For much of my career (both in agency work and private practice) I have been fighting the battle of “Not Enough Time” with my clients. And just because I like catch phrases, let’s call this a “NET” problem (a “Not Enough Time” problem)… which kind of makes sense right? A NET profit is how much you have left after subtracting your expenditures, so a NET problem means you don’t have enough energy left over after you have done all of your work, chores, or obligations.
So, let’s talk about this NET problem…
My first reflection from talking to so many clients about this issue, is there seems to be a general resignation that having a NET problem is just a way of life. It just is how it is. And to that, I say: This can’t be! There must be another way!
I just don’t believe that our time here on earth is to feel so pressured, so limited and so hurried, with no options to change it! I absolutely believe healing a NET problem is within your reach. And yes, I believe this even if you work, I believe this even if you have a family, I believe this even if you have work and a family. I believe you can change a NET problem no matter what you life looks like right now.
First things first, in order to change anything, you need to make the decision that you:
- Want to change
- Believe change is possible
- Have the courage to change (as noted in my previous blog post: A Speedy, Grumpy, Speedy Christmas, Part 1)
These three agreements are also going to be necessary for my future posts about Obligations and Things Aren’t How I want It!

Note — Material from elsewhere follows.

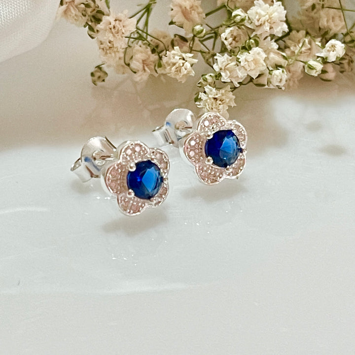 Aretes de Plata Flor Circonita Azul 10MM | Nicola Joyería

Now that you want to change this NET problem, believe that there must be some way it can change (even if you don’t know what that looks like yet) and have the courage to make some changes, let’s look at option 1 to healing your NET problem: Saying No.
Saying No is something that so many people struggle with, and the reasons are plentiful. Maybe you don’t Say No because you don’t want to hurt other’s feelings, you don’t want to Say No because you don’t want to disappoint, you don’t Say No because you don’t know how, you don’t Say No because you fear others will judge you, you don’t Say No because you didn’t know that it is an option … These are just a few reasons I hear that people do not Say No, and I am sure there are many more reasons we can add in here as well.
Let me be the first to tell you Saying No is the most loving thing you can do for yourself this holiday season – and sometimes it’s a very loving thing you can do for those around you, too.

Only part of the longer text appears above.